Comprehension Questions:
1. Describe your own example of a process with an entropy decrease and explain why it doesn't violate the second law.
Molecular Nature of S: Micro to Macro of Thermal Entropy (uakron.edu, 20min) We can explain configurational entropy by studying particles in boxes, but only at constant temperature. How does the entropy change if we change the temperature? Why should it change if we change the temperature? The key is to recognize that energy is quantized, as best exemplified in the Einstein Solid model. We learned in Chapter 1 that energy increases when temperature increases. If we have a constant number of particles confined to lattice locations, then the only way for the energy to increase is if some of the molecules are in higher energy states. These "higher energy states" correspond to faster (higher frequency) vibrations that stretch the bonds (Hookean springs) to larger amplitudes. We can count the number of molecules in each energy state similar to the way we counted the number of molecules in boxes. Then we supplement the formula for configurational entropy changes to arrive at the following simple relation for all changes in entropy for ideal gases: ΔS = Cv ln(T2/T1) + R ln(V2/V1). Note that we have related the entropy to changes in state variables. This observation has two significant implications: (1) entropy must also be a state function (2) we can characterize the entropy by specifying any two variables. For example, substituting V = RT/P into the above equation leads to: ΔS = Cp ln(T2/T1) - R ln(P2/P1).
Comprehension Questions: 1. Show the steps required to derive ΔS = Cp ln(T2/T1) - R ln(P2/P1) from ΔS = Cv ln(T2/T1) + R ln(V2/V1). 2. We derived a memorable equation for adiabatic, reversible, ideal gases in Chapter 2. Hopefully, you have memorized it by now! Apply this formula to compute the change in entropy for adiabatic, reversible, ideal gases as they go through any change in temperature and pressure.
You might better understand the macroscopic definition of entropy (uakron, 9min) if you consider isothermal reversible expansion of an ideal gas. Note the word "isothermal" is different from "adiabatic." If the expansion was an adiabatic and reversible expansion of an ideal gas, then we know from Chapter 2 that the temperature would go down, ie. T2/T1=(P2/P1)^(R/Cp)=(V1/V2)^(R/Cv). Therefore, holding the temperature constant must require the addition of heat. We can calculate the change in entropy for this isothermal process from the microscopic balance, then show that the amount of heat added is exactly equal to the change in entropy (of this reversible process) times the (isothermal) temperature. Studying the energy and entropy balance for the irreversible process helps us to appreciate how entropy is a state function. As suggested by the hint at the end of this video, you can turn this perspective around and infer the relation of entropy to volume by starting with the macroscopic definition and calculating exactly how much heat must be added after adiabatic, reversible expansion in order to recover the original (isothermal) temperature. Through this thought process, you should start to appreciate that the micro and macro definitions are really interchangeable expressions of the same quantity.

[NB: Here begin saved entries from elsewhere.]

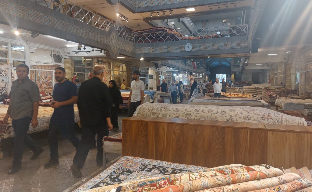 از فرش فروشان بازار در خصوص وضع بازارشان در طول جنگ دوازده روزه پرسیدم که البته پاسخ ها یکسان بود. آقای رهی میگفت: «در آن روز ها که ما تعطیل بودیم و بعد از جنگ هم اوضاع بدتر شد چون نرخ ارز بالاتر رفت و تبعا روی قیمت فرش هم اثر گذاشته است.»
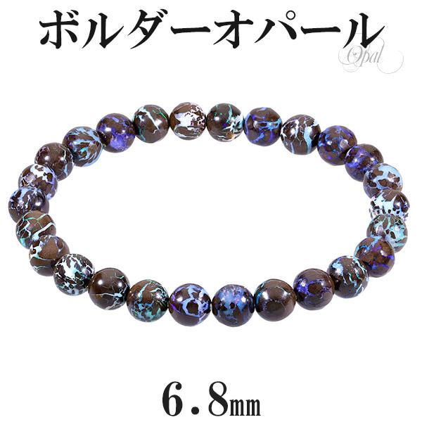 ボルダーオパール ブレスレット 高品質 6.8mm 17.5cm メンズM レディースL サイズ 10月 誕生石 天然石 オパール マトリックスオパール 数珠ブレスレット
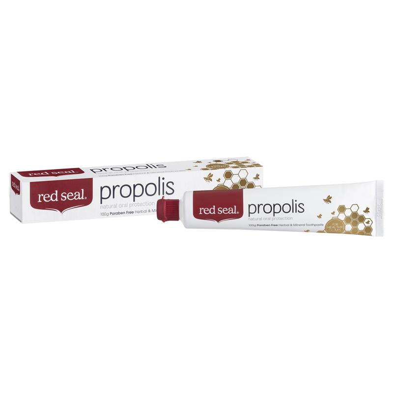 Red Seal 蜂膠草本和礦物牙膏是一種不含對羥基苯甲酸酯的牙膏,可為健康的牙齦提供天然的口腔保護。
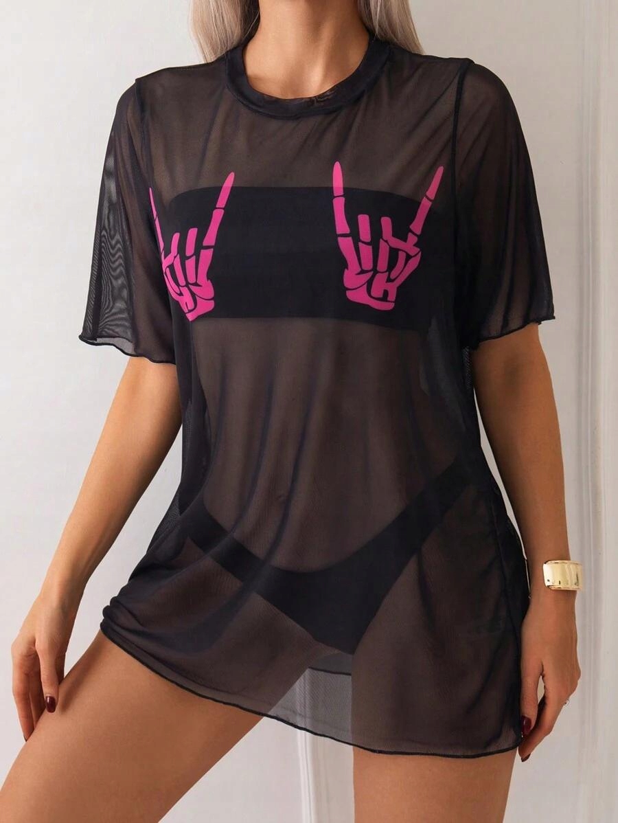 SHEIN ЧЕРНАЯ ПЛЯЖНАЯ ТУНИКА С СЕТЧАТЫМ ПРИНТОМ UE4 NJ4__XL

Comprehension Questions: (Hint: entropy is a state function.)
1. Use the macroscopic definition of entropy to compute the change in entropy (J/mol-K) of N2 in a piston/cylinder from 450K and 1cm3/mol to 450K and 4cm3/mol.
2. Use the macroscopic definition of entropy to compute the change in entropy (J/mol-K) of N2 in a piston/cylinder from 450K and 4cm3/mol to 258.46K and 4cm3/mol.

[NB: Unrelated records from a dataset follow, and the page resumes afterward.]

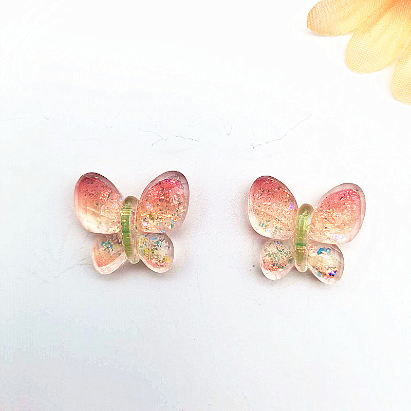 渐变色蝴蝶树脂配件高透亮片切面DIY手工发饰材料头饰饰品
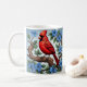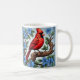 A stunning red cardinal sits proudly on a delicate tree branch surrounded by lush blue vibrant flowers. The intricate details and bold colours evoke a sense of joy and serenity.
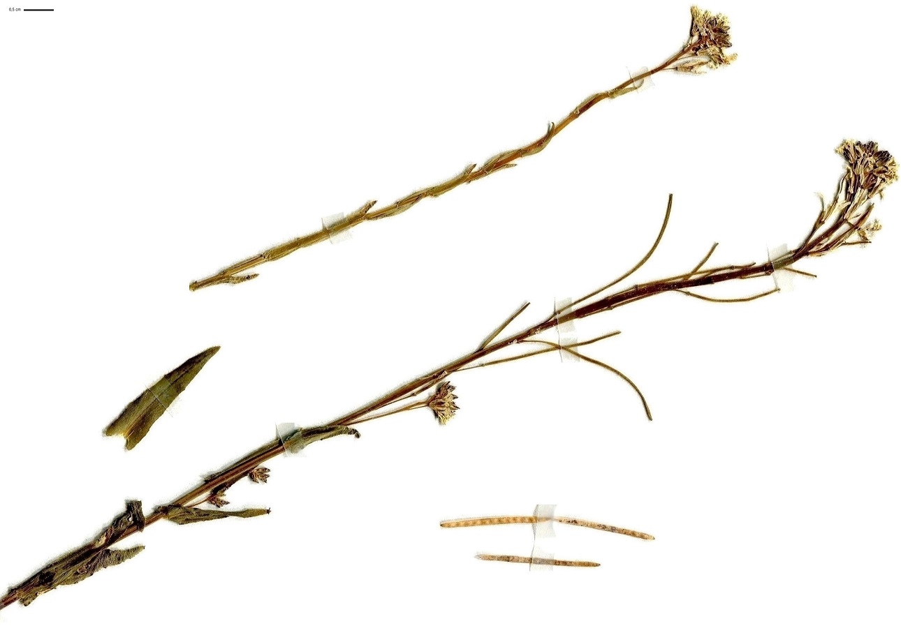 Hc – 4-8 dm – Tige dressée, feuilles velues oblongues ± dentées, les > appliquées, à oreillettes nettes, divergentes – Fleurs à 4 pétales blancs – Siliques glabres appliquées
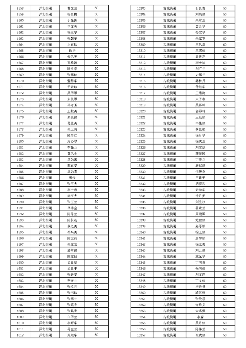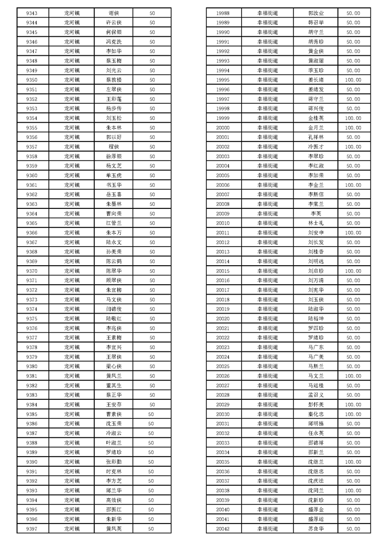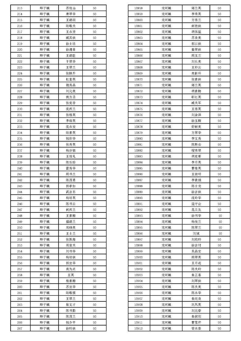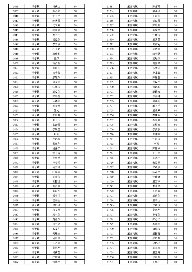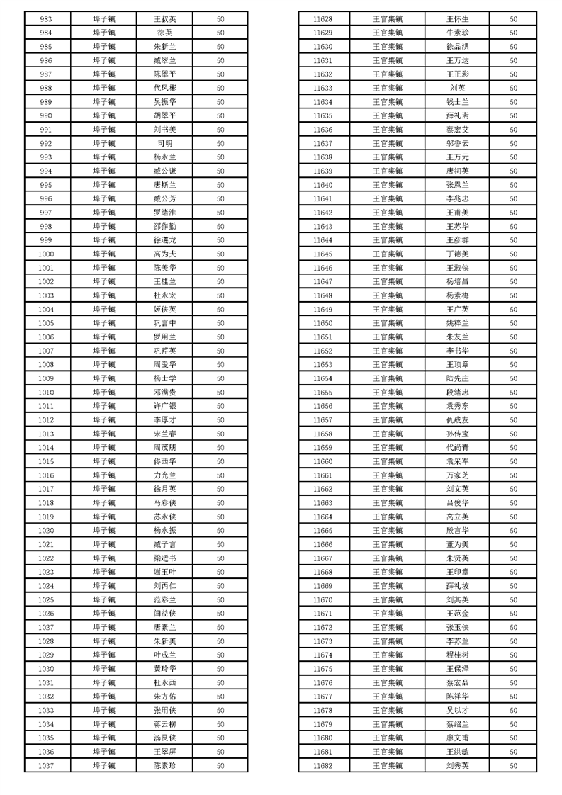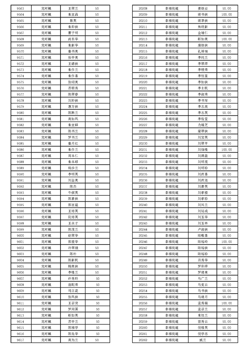 宿城區2025年9月80周歲及以上老年人尊老金長期公示
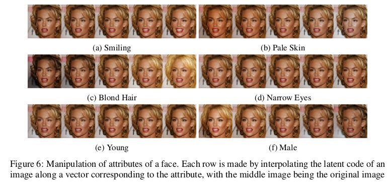 为了生成更多含语义的图像,文章利用了一些标签来监督训练,对于不同人脸属性合成的图像如下:
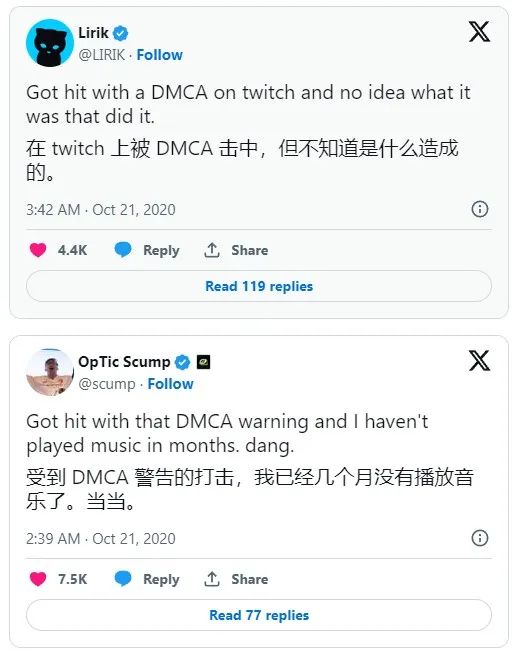 根据《千禧年数字版权法》(DMCA),版权方可以随时通知平台侵权情况。收到通知后,平台必须及时移除或禁止访问侵权内容。近年来,Twitch的DJ们收到了大量“删除通知”,若累计三次版权警示,将被视为重复侵权者,面临永久封禁的风险。对于DJ们来说,因曲库问题无法在直播中播放最新的热门歌曲本就掣肘,而这种频发的“删除通知”无疑是雪上加霜。甚至,有DJ在社交媒体吐槽:“都得把自己的账号删了才安全。“
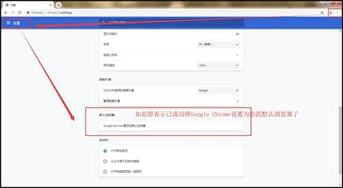 3.将谷歌浏览器设为默认浏览器,点击浏览器右上角的三条横线,然后点击左侧菜单栏的【设置】,最后点击【将谷歌chrome浏览器设为默认浏览器】。

3. Use the macroscopic definition of entropy to compute the change in entropy (J/mol-K) of N2 in a piston/cylinder from 450K and 1cm3/mol to 258.46K and 4cm3/mol.
4. Use the macroscopic definition of entropy to compute the change in entropy (J/mol-K) of N2 in a piston/cylinder from 450K and 1cm3/mol to 300K and 3 cm3/mol.
Once we establish equations relating macroscopic properties to entropy changes, it becomes straightforward to compute entropy changes for all sorts of situations. To begin, we can compute entropy changes of ideal gases (learncheme, 3 min). Entropy change calculations may also take a more subtle form in evaluating reversibility (learncheme, 3min).
Comprehension Questions:
1. Nitrogen at 298K and 2 bars is adiabatically compressed to 375K and 5 bars in a continuous process. (a) Compute the entropy change. (b) Is this process reversible, irreversible, or impossible? 2. Nitrogen at 350K and 2 bars is adiabatically compressed to 575K and 15 bars in a piston/cylinder. (a) Compute the entropy change. (b) Is this process reversible, irreversible, or impossible? 3. Steam at 450K and 2 bars is adiabatically compressed to 575K and 15 bars in a continuous process. (a) Compute the entropy change. (b) Is this process reversible, irreversible, or impossible? 4. Steam at 450K and 2 bars is isothermally compressed to 8 bars in a continuous process. (a) Compute the entropy change. (b) Is this process reversible, irreversible, or impossible?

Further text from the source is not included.